CF1045B.Space Isaac

Everybody seems to think that the Martians are green, but it turns out they are metallic pink and fat. Ajs has two bags of distinct nonnegative integers. The bags are disjoint, and the union of the sets of numbers in the bags is $\{0,1,…,M-1\}$ , for some positive integer $M$ . Ajs draws a number from the first bag and a number from the second bag, and then sums them modulo $M$ .

What are the residues modulo $M$ that Ajs cannot obtain with this action?

The first line contains two positive integer $N$ ( $1 \leq N \leq 200\,000$ ) and $M$ ( $N+1 \leq M \leq 10^{9}$ ), denoting the number of the elements in the first bag and the modulus, respectively.

The second line contains $N$ nonnegative integers $a_1,a_2,\ldots,a_N$ ( $0 \leq a_1<a_2< \ldots< a_N<M$ ), the contents of the first bag.

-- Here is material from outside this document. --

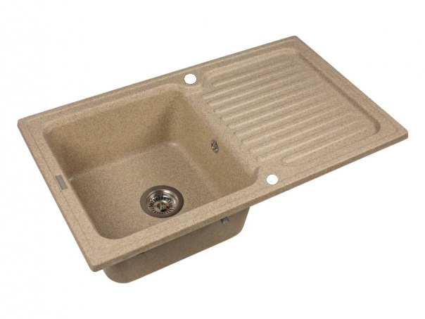 - Естетична привабливість. Кухонні мийки із синтетичного каменю відрізняються різноманітністю форм та відтінків. Таку сантехніку ви зможете вписати у будь-яке оточення.

In the first line, output the cardinality $K$ of the set of residues modulo $M$ which Ajs cannot obtain.

In the second line of the output, print $K$ space-separated integers greater or equal than zero and less than $M$ , which represent the residues Ajs cannot obtain. The outputs should be sorted in increasing order of magnitude. If $K$ =0, do not output the second line.

In the first sample, the first bag and the second bag contain $\{3,4\}$ and $\{0,1,2\}$ , respectively. Ajs can obtain every residue modulo $5$ except the residue $2$ : $ 4+1 \equiv 0, , 4+2 \equiv 1, , 3+0 \equiv 3, , 3+1 \equiv 4 $ modulo $5$ . One can check that there is no choice of elements from the first and the second bag which sum to $2$ modulo $5$ .

In the second sample, the contents of the first bag are $\{5,25,125,625\}$ , while the second bag contains all other nonnegative integers with at most $9$ decimal digits. Every residue modulo $1\,000\,000\,000$ can be obtained as a sum of an element in the first bag and an element in the second bag.